# open stand vs closed stand tools?



## Dvoigt (Dec 6, 2007)

What is the difference between a tool with a closed stand and one that has an open stand? I see that the closed stand tools are a little more expensive and look better (my opinion). But is there any reason to buy one over the other?

Thanks!


----------



## knotscott (Nov 8, 2007)

The differences vary a bit depending on the tool, but in general closed stands have better DC, and are easier to fit with a mobile base. In some cases an enclosed stand also means an enclosed motor, which is usually desirable and sometimes means a shorter drive belt, which equates to better power transfer and less vibration.


----------



## sweensdv (Mar 3, 2008)

In some cases, a closed base also adds a little weight which translates into better stability.


----------



## Dvoigt (Dec 6, 2007)

Oh, in particular it is a bandsaw that I'm looking at in this case. I have a closed stand jointer, but there is a used open stand bandsaw that I'm looking at


----------



## Just Bill (Dec 29, 2008)

Open-lighter, cheaper, dust control harder.

Closed, heavier, easier for dust removal, quieter, more sturdy, more expensive.


----------



## Handyman (Jan 2, 2008)

Yep that about it. #2,3,5 hit it right on the head. I was going to add something really smart but those other guys said what I was going to say.


----------



## GeorgeC (Jul 30, 2008)

knotscott said:


> The differences vary a bit depending on the tool, but in general closed stands have better DC, and are easier to fit with a mobile base. In some cases an enclosed stand also means an enclosed motor, which is usually desirable and sometimes means a shorter drive belt, which equates to better power transfer and less vibration.


I would think that an enclosed motor would be a negative because of heat.

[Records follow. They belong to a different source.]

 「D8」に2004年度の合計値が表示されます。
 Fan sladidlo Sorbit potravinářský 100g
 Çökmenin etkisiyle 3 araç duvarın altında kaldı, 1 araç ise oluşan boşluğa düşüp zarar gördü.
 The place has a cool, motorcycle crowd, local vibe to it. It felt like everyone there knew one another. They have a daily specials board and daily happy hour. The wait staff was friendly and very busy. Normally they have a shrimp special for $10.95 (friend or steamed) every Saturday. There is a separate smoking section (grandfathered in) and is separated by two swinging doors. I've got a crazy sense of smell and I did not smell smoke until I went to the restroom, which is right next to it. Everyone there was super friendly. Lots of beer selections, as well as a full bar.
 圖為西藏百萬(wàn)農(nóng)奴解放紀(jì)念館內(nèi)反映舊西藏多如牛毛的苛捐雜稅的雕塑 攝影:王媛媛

In the case of the short length here I do not think the reduced belt length would matter on power transfer.

I also think that the advantages of an enclosed tool turn into disadvantages if you do not have a formal dust control system. Even a formal system as simple as a shop vac hooked up and running would make enclosed good. Otherwise it would seem to me that an enclosed tool is going to make it harder to clean.

George


----------



## knotscott (Nov 8, 2007)

GeorgeC said:


> I would think that an enclosed motor would be a negative because of heat. In the case of the short length here I do not think the reduced belt length would matter on power transfer.
> 
> I also think that the advantages of an enclosed tool turn into disadvantages if you do not have a formal dust control system. Even a formal system as simple as a shop vac hooked up and running would make enclosed good. Otherwise it would seem to me that an enclosed tool is going to make it harder to clean.
> 
> George


Most motors used in an enclosure are Totally Enclosed Fan Cooled (TEFC).


----------



## mmtools (Aug 21, 2008)

knotscott said:


> Most motors used in an enclosure are Totally Enclosed Fan Cooled (TEFC).

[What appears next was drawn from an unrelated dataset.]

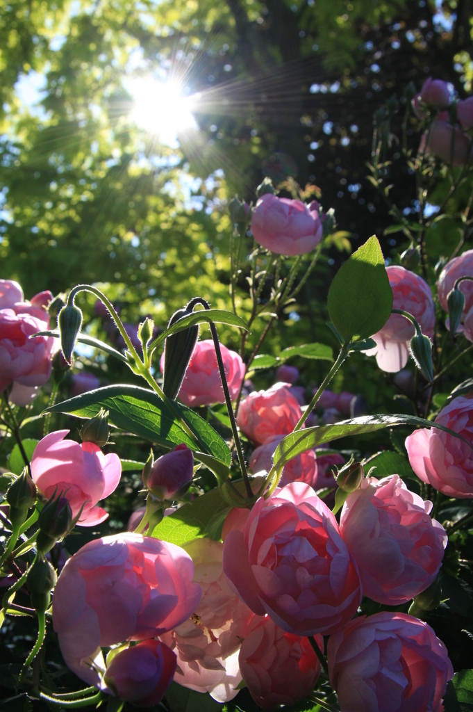 バラの花びらに朝日が透ける感じがよく出ていますね。

It is not always the case re: TEFC motors. Delta switched to less expensive drain protected motors ten years ago on almost all of their machinery. The air flow pulls dust through the motor to cool it. Also, the open stand machines are nearly always lower HP. For example Delta bandsaw open stand = 3/4HP closed stand= 1 or 1 1/2HP. look at specs closely.


----------



## Nate1778 (Mar 10, 2008)

I have a fully enclosed Jet Band saw, although the DC on it is OK at best the case has nothing to do with the dust port. The only thing down there is the motor. I would say on a band saw there isn't much need being enclosed, although my bandsaw is not on a mobile stand it does sit in an area where footprint is important, between two garage doors. I would not hesitate though to by one with an open stand though, now other tools that is a different story...........


----------



## GeorgeC (Jul 30, 2008)

knotscott said:


> Most motors used in an enclosure are Totally Enclosed Fan Cooled (TEFC).


I am not familiar with the terminology. Does this mean that there is a dedicated duct bringing in outside air?

G


----------



## Dvoigt (Dec 6, 2007)

Nate1778 said:


> I have a fully enclosed Jet Band saw, although the DC on it is OK at best the case has nothing to do with the dust port. The only thing down there is the motor. I would say on a band saw there isn't much need being enclosed, although my bandsaw is not on a mobile stand it does sit in an area where footprint is important, between two garage doors. I would not hesitate though to by one with an open stand though, now other tools that is a different story...........



Yeah that is my thinking too...


----------